**WHAT THE TASK ASKS**
Lines from the one with "Bijoux Pendentifs en" up to and including the one with "Lambeth Council senior" are to be copied exactly from the records below, without their pictures.

**GIVEN INFORMATION**
^^^^^^^^
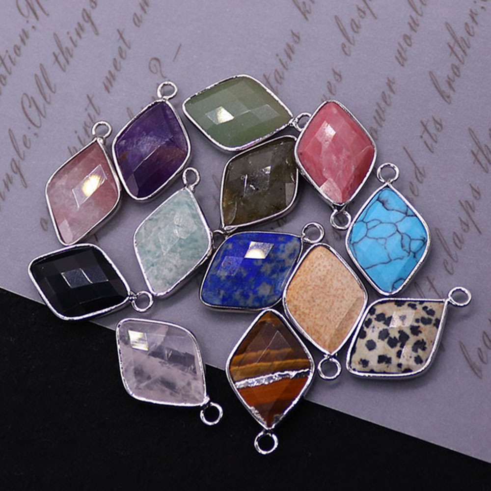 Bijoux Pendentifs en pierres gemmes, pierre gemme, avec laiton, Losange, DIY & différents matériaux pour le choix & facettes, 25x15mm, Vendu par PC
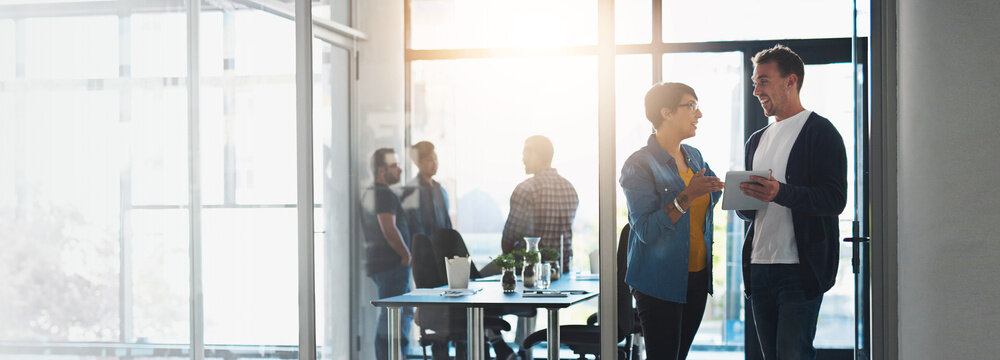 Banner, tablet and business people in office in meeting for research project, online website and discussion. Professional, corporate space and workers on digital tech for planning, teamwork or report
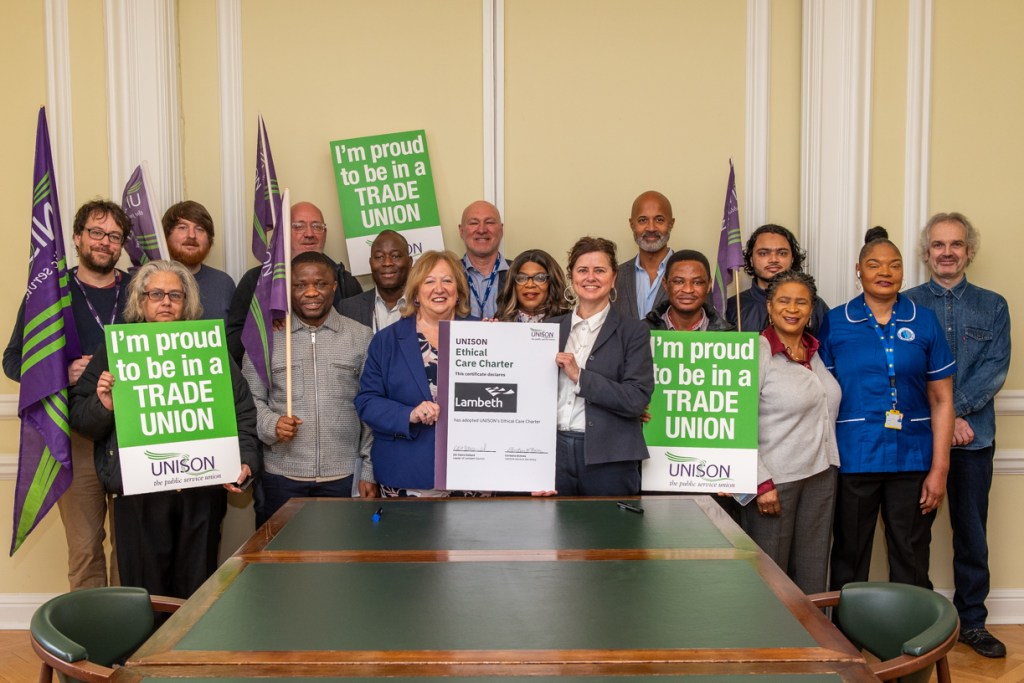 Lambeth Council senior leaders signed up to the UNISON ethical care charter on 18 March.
^^^^^^^^
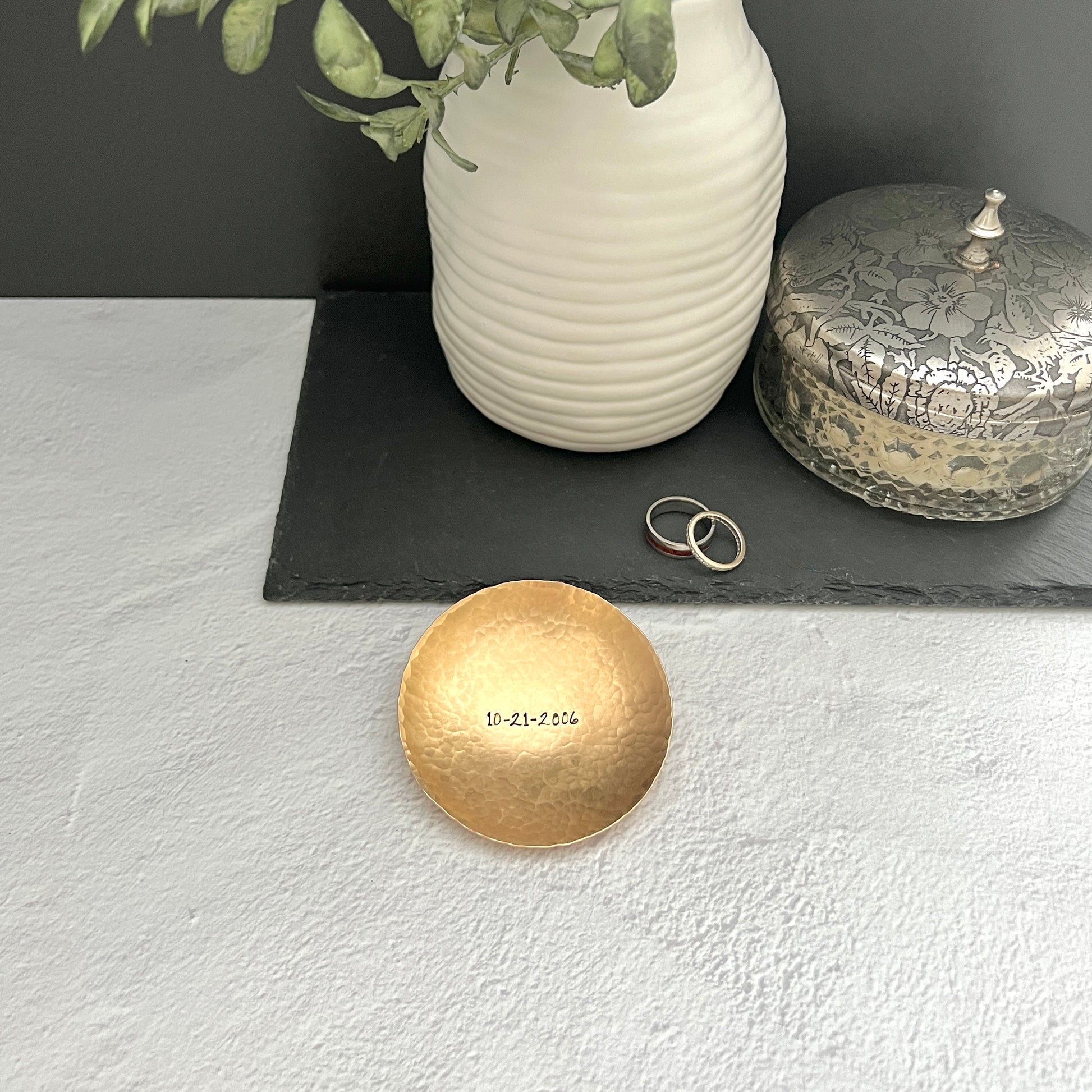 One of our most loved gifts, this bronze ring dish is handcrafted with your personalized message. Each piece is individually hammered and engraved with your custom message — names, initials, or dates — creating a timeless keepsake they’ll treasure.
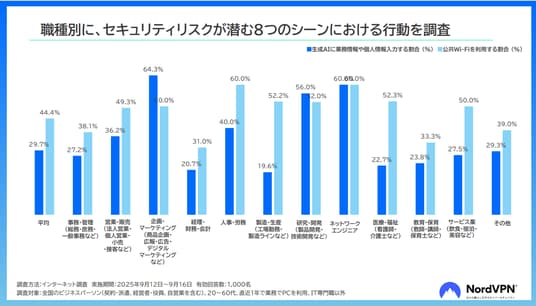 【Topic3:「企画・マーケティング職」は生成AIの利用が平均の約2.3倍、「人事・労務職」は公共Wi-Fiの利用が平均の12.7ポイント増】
^^^^^^^^
**OUTPUT OF THE TASK**
 Bijoux Pendentifs en pierres gemmes, pierre gemme, avec laiton, Losange, DIY & différents matériaux pour le choix & facettes, 25x15mm, Vendu par PC
 Banner, tablet and business people in office in meeting for research project, online website and discussion. Professional, corporate space and workers on digital tech for planning, teamwork or report
 Lambeth Council senior leaders signed up to the UNISON ethical care charter on 18 March.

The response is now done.